By the end of this guide, you will have written a small FRAME pallet (see crate::polkadot_sdk::frame_runtime) that is capable of handling a simple crypto-currency. This pallet will:

  1. Allow anyone to mint new tokens into accounts (which is obviously not a great idea for a real system).
  2. Allow any user that owns tokens to transfer them to others.
  3. Track the total issuance of all tokens at all times.

This guide will build a currency pallet from scratch using only the lowest primitives of FRAME, and is mainly intended for education, not applicability. For example, almost all FRAME-based runtimes use various techniques to re-use a currency pallet instead of writing one. Further advanced FRAME related topics are discussed in crate::reference_docs.

§Writing Your First Pallet

To get started, clone one of the templates mentioned in crate::polkadot_sdk::templates. We recommend using the polkadot-sdk-minimal-template. You might need to change small parts of this guide, namely the crate/package names, based on which template you use.

Be aware that you can read the entire source code backing this tutorial by clicking on the source button at the top right of the page.

You should have studied the following modules as a prelude to this guide:

§Topics Covered

The following FRAME topics are covered in this guide:

§Shell Pallet

Consider the following as a “shell pallet”. We continue building the rest of this pallet based on this template.

pallet::config and pallet::pallet are both mandatory parts of any pallet. Refer to the documentation of each to get an overview of what they do.

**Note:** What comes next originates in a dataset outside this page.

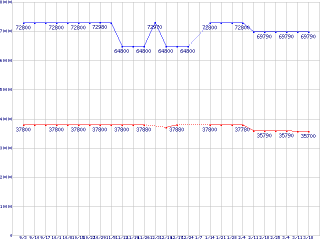 | X25-E Extreme SATA SSD (SSD,3Gb/s,2.5インチ,リード250MB/s・ライト170MB/s)の最安値推移 |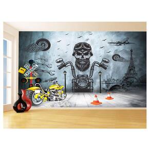 Papel De Parede 3D Moto Custom Chopper Viagem 3,5M Bkm135

#[frame::pallet(dev_mode)]
pub mod shell_pallet {
	use frame::prelude::*;

	#[pallet::config]
	pub trait Config: frame_system::Config {}

	#[pallet::pallet]
	pub struct Pallet<T>(_);
}

All of the code that follows in this guide should live inside of the mod pallet.

§Storage

First, we will need to create two onchain storage declarations.

One should be a mapping from account-ids to a balance type, and one value that is the total issuance.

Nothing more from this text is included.